Collected data entries:
BEGIN

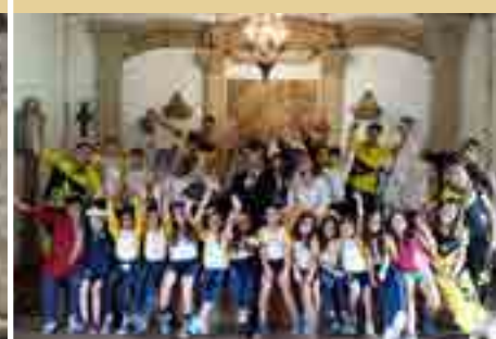
Fazenda Ponte Alta | 4º Ano do EF
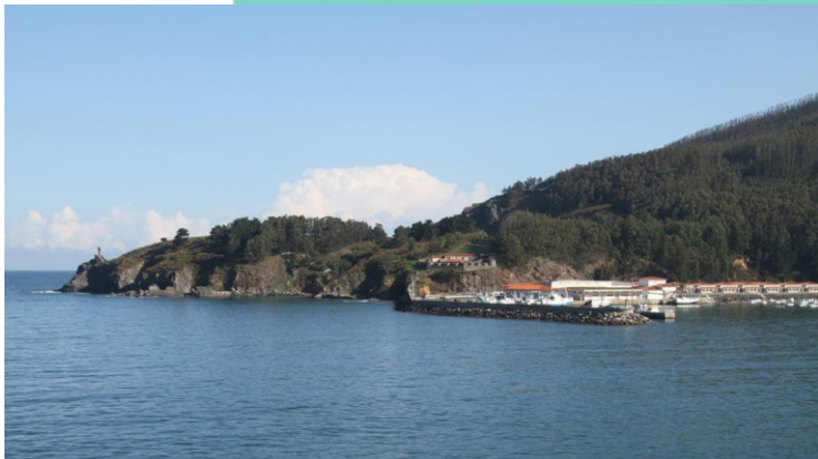
Punta Sarridal e porto de Cedeira
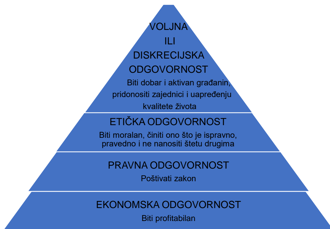
Slika 2. Carrolov prikaz razina odgovornosti poslovne organizacije
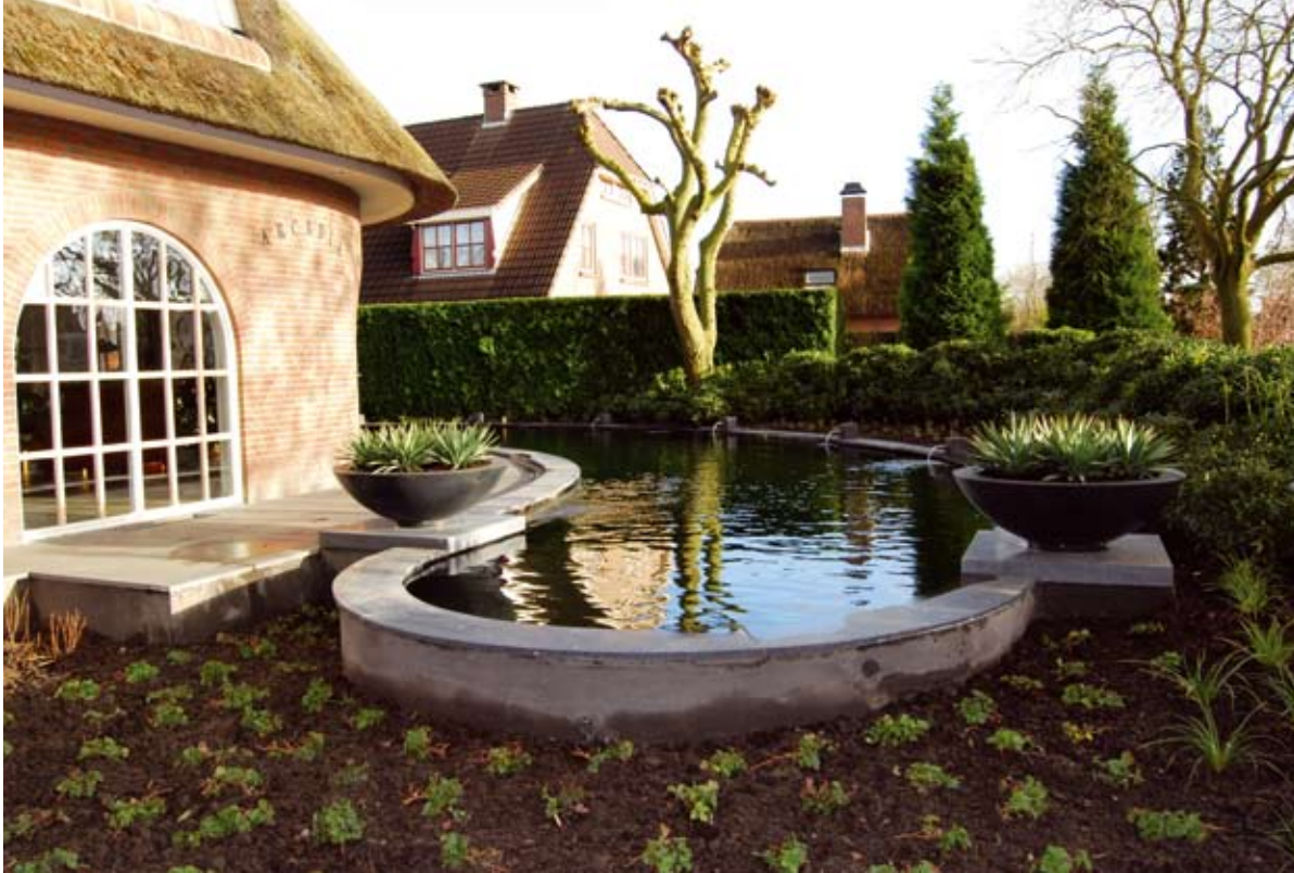
LINKS: De gracht der groten in volle glorie. Niet alleen het terras, maar ook de vijverrand is in hardsteen uitgevoerd. Wat de aankleding van de tuin betreft, is voor grote plantengroepen gekozen. Bodembedekkers, siergrassen en rhododendrons zetten er de toon. De coniferenheg op de achtergrond fungeert als groen geraamte.
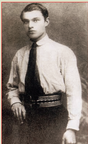
▲ Василий Казаков Петроград, 1916 г.

К 110-летию со дня рождения маршала артиллерии В.И. Казакова
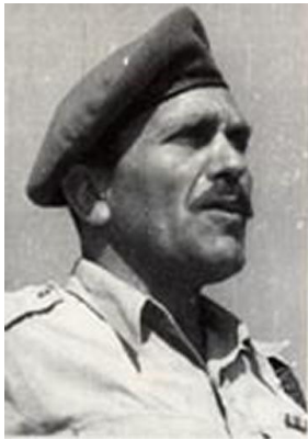
אימי בשרותו הצבאי
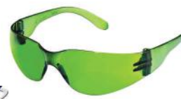
PALM 26100 LEOPARDO - VERDE

END

§ What is required
Only the lines from the one with "К 110-летию со" through the last line above belong in the answer. Reproduce them exactly, without the pictures.

§ Exercise response
К 110-летию со дня рождения маршала артиллерии В.И. Казакова
אימי בשרותו הצבאי
PALM 26100 LEOPARDO - VERDE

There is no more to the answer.